§ **Available records**:

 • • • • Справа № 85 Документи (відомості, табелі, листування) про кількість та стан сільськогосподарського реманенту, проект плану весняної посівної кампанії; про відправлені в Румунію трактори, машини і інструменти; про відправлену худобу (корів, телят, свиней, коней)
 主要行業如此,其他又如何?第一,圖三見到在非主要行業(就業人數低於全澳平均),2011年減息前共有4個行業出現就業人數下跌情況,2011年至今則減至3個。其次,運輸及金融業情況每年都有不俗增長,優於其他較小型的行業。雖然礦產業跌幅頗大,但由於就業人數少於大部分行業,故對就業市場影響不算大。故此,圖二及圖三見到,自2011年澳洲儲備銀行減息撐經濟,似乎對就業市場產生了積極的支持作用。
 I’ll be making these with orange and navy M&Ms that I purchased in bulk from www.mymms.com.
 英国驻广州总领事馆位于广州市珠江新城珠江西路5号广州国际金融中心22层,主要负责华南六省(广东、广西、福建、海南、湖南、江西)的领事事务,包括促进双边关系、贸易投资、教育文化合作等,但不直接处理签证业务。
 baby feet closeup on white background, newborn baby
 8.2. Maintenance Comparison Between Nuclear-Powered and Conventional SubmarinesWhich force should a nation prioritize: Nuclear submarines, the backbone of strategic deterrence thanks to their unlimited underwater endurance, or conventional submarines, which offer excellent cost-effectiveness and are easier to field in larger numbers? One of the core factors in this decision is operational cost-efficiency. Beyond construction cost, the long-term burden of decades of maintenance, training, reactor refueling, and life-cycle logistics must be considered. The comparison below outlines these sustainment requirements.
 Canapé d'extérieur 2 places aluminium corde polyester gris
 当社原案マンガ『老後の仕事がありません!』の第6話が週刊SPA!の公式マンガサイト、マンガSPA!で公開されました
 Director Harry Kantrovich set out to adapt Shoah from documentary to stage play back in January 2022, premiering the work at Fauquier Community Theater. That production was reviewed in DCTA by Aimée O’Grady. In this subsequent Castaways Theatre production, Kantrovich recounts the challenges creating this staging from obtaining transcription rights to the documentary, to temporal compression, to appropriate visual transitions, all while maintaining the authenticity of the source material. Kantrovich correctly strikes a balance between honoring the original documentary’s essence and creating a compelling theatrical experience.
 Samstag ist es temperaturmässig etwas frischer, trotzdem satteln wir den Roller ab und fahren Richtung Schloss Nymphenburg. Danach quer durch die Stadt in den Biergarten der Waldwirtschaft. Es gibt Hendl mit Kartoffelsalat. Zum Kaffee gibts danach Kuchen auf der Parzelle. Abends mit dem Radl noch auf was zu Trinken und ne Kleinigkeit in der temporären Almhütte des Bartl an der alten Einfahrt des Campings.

§ **How to complete this task**: Once you find the line with "baby feet closeup" in the entries above, output it and each line after it up to and including the line with "Director Harry Kantrovich", and nothing else.

§ **Completed task**:
 baby feet closeup on white background, newborn baby
 8.2. Maintenance Comparison Between Nuclear-Powered and Conventional SubmarinesWhich force should a nation prioritize: Nuclear submarines, the backbone of strategic deterrence thanks to their unlimited underwater endurance, or conventional submarines, which offer excellent cost-effectiveness and are easier to field in larger numbers? One of the core factors in this decision is operational cost-efficiency. Beyond construction cost, the long-term burden of decades of maintenance, training, reactor refueling, and life-cycle logistics must be considered. The comparison below outlines these sustainment requirements.
 Canapé d'extérieur 2 places aluminium corde polyester gris
 当社原案マンガ『老後の仕事がありません!』の第6話が週刊SPA!の公式マンガサイト、マンガSPA!で公開されました
 Director Harry Kantrovich set out to adapt Shoah from documentary to stage play back in January 2022, premiering the work at Fauquier Community Theater. That production was reviewed in DCTA by Aimée O’Grady. In this subsequent Castaways Theatre production, Kantrovich recounts the challenges creating this staging from obtaining transcription rights to the documentary, to temporal compression, to appropriate visual transitions, all while maintaining the authenticity of the source material. Kantrovich correctly strikes a balance between honoring the original documentary’s essence and creating a compelling theatrical experience.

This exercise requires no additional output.